With Schreis and Grida

in #finneganswake2 years ago (edited)

Finnegans Wake ‒ A Prescriptive Guide

An Irish Wake (RFW 047.01-12)

Chapter I.3 of James Joyce’s Finnegans Wake—the Humphriad II—is a journalistic investigation into the HCE affair, especially HCE’s memorable encounter in the Phoenix Park with the Cad with a Pipe. We continue our study of the episode known as the Plebiscite—RFW 046.16-049.29—which documents the people’s response to the affair.

The paragraph we are now studying is one of four short paragraphs that were originally published as a single long paragraph when an early draft of this chapter appeared in June 1927 in Eugene Jolas & Elliot Paul’s literary journal transition. These paragraphs, which form a sort of introduction to the Plebiscite proper, remained yoked together when the first edition of Finnegans Wake was published in 1939. Their independence was restored when Danis Rose & John O’Hanlon brought out The Restored Finnegans Wake in 2010.

The evolution of this paragraph is particularly complicated. The only trace of it in the first draft of the Plebiscite is a single sentence, which would undergo a considerable metamorphosis before it achieved its final form. This draft was composed in November 1923:

The heroic shade looms up big, human, erring, forgivable behind the varied speeches of his fellow men & women. (Hayman 71 : James Joyce digital Archive)

See How He Rises!

The image evoked is of Tim Finnegan coming back to life during his own wake. When Joyce prepared a fair copy of this passage in the same month, he altered this sentence only slightly:

Big, human, erring, forgivable the unforgettable shade looms up behind the varied judgments of those unrecapturable days. (JJDA)

Another fair copy from November or December of the same year adds just two words to this:

Big, human, erring and forgivable the unforgettable shade looms up behind all the varied judgements of those unrecapturable days. (JJDA)

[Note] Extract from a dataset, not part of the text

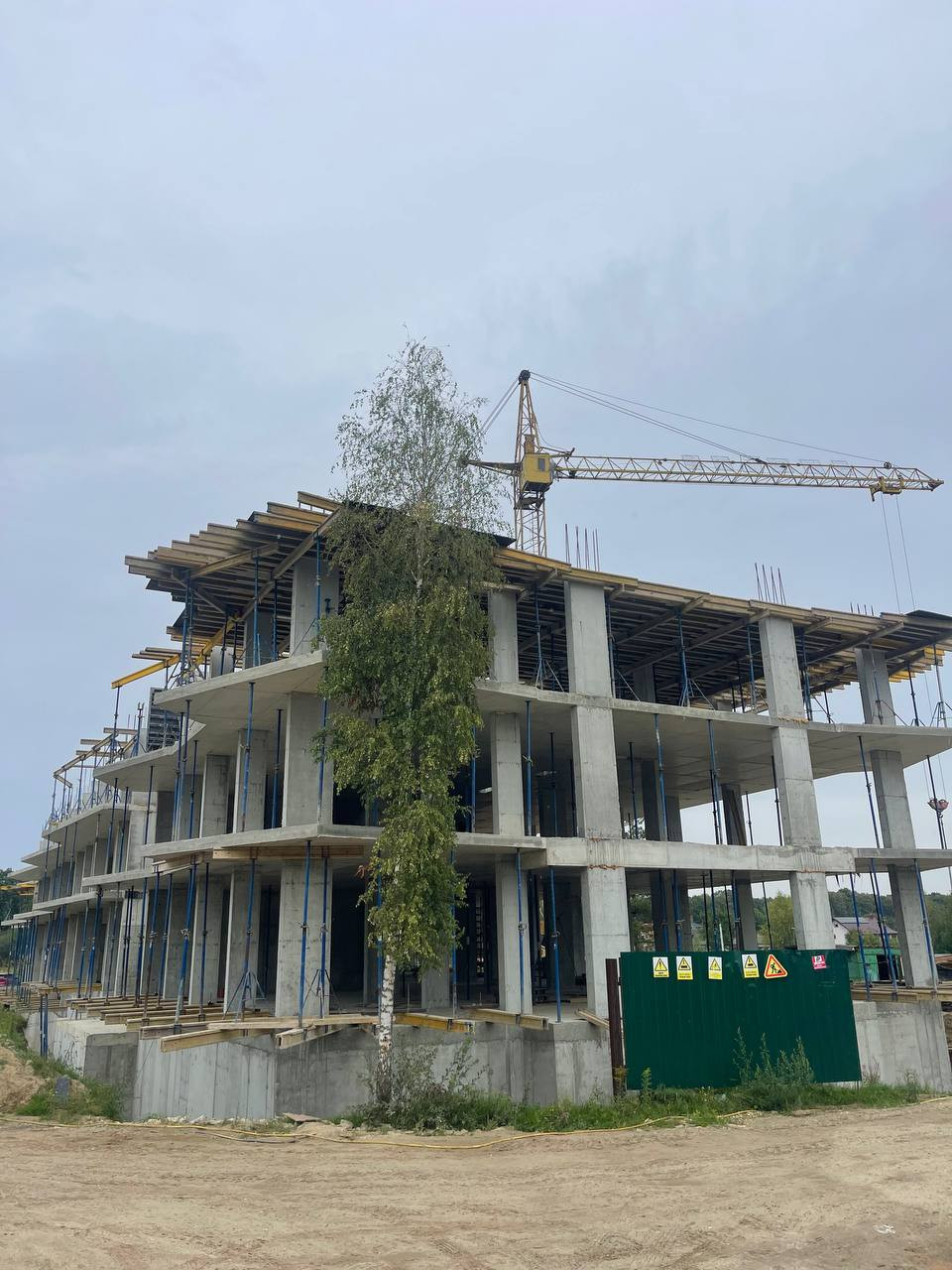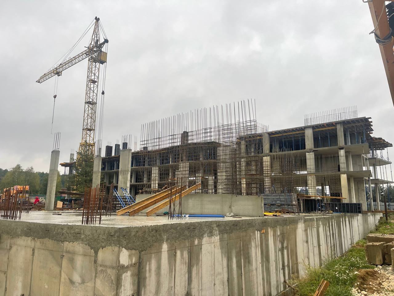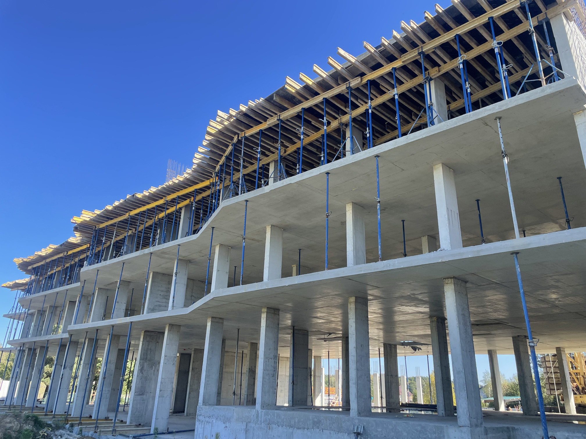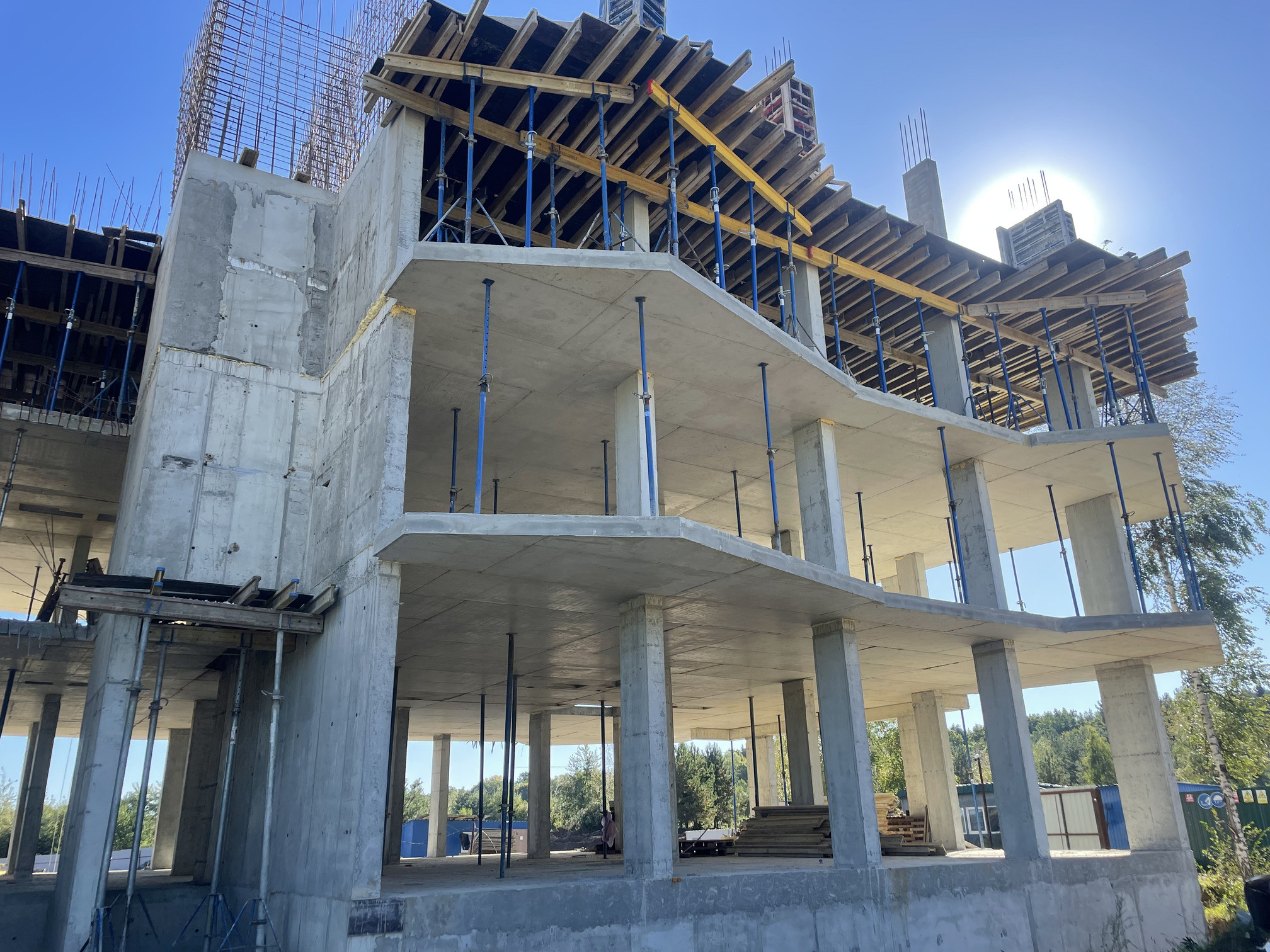 У вересні було виконано влаштування плити перекриття та вертикальних залізобетонних конструкцій третього поверху, проведено монтаж опалубки під перекриття четвертого поверху.

Over the next few years Joyce continued to tinker with the passage, but when he prepared a typescript in early 1927, prior to the serialization of Work in Progress in transition, this particular paragraph had changed little:

But big, human, erring and forgivable the unforgettable treeshade looms up behind all the varied judgements of those, as all should owe, malrecapturable days. (JJDA)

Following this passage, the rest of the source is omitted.